20. Originally Posted by mathformonkeys
You've scattered a deck of 52 cards and 1 joker facedown on a table so that you don't know which card is where.

Next you start turning the cards over 1 by 1. Assuming that you cant flip the same card twice, what are the percentage odds that you will turn over all 4 aces before the joker
One chance in 5. Each of the 5 cards, 4 aces and joker, have an equal chance of being last turned over.

21. Originally Posted by Harold14370
Originally Posted by mathformonkeys
You've scattered a deck of 52 cards and 1 joker facedown on a table so that you don't know which card is where.

Next you start turning the cards over 1 by 1. Assuming that you cant flip the same card twice, what are the percentage odds that you will turn over all 4 aces before the joker
One chance in 5. Each of the 5 cards, 4 aces and joker, have an equal chance of being last turned over.
right!

22. Originally Posted by mathformonkeys
more
2.

a teacher was yelling at a lazy student and told him the following:

"at the very least, you need to study once a day for an entire week before a test!
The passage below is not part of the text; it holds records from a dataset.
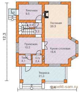 Планировка одноэтажного дома с мансардой 9?12
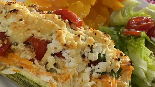Adicione o recheio nas duas metades da abobrinha, pique rodinhas de tomate cereja e cubra com o queijo.
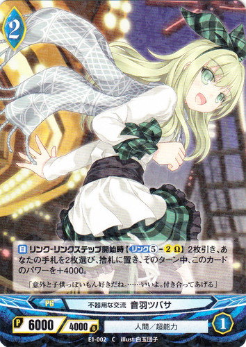 ![]() ![]() | E1-002 不器用な交流 音羽ツバサ プログレス エクストラブースター 第3.5章 少女たちの休日 C 世界:青 種族:人間 分類:超能力 レベル:2 パワー:6000 ガード:4000 ストライク:1 【自】リンク-リンクステップ開始時【リンク⑤-2Ω】2枚引き、あなたの手札を2枚選び、捨札に置き、そのターン中、このカードのパワーを+4000。 「意外と子供っぽいもん好きだね。・・・・・・いいよ。付き合ってあげる」 illust:白玉団子 |
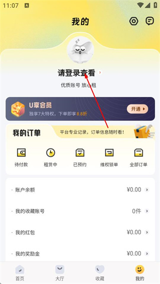 2、在个人中心页面,点击请登录查看区域,可进入登录页面。

Don't skimp on time either! Each time you study i want you to study for i minimum of 2 hours!"

the boy wanted to spend as little time doing so, but follow the teachers orders exactly.
how many hours did he end up studying

just for little hint i got an expression

x<14
12 hours. He studies from 11pm to 1am six times.

23. Originally Posted by mathformonkeys
more

this one has no trick to it.(sort of)

a cube has a height of 5 inches. will a rod that has a infinitesimal thickness and a height of 8 inchs fit in the box?
Yes. The diagonal of a cube is the length of a side multiplied by the square root of 3.

a teacher was yelling at a lazy student and told him the following:

"at the very least, you need to study once a day for an entire week before a test! Don't skimp on time either! Each time you study i want you to study for i minimum of 2 hours!"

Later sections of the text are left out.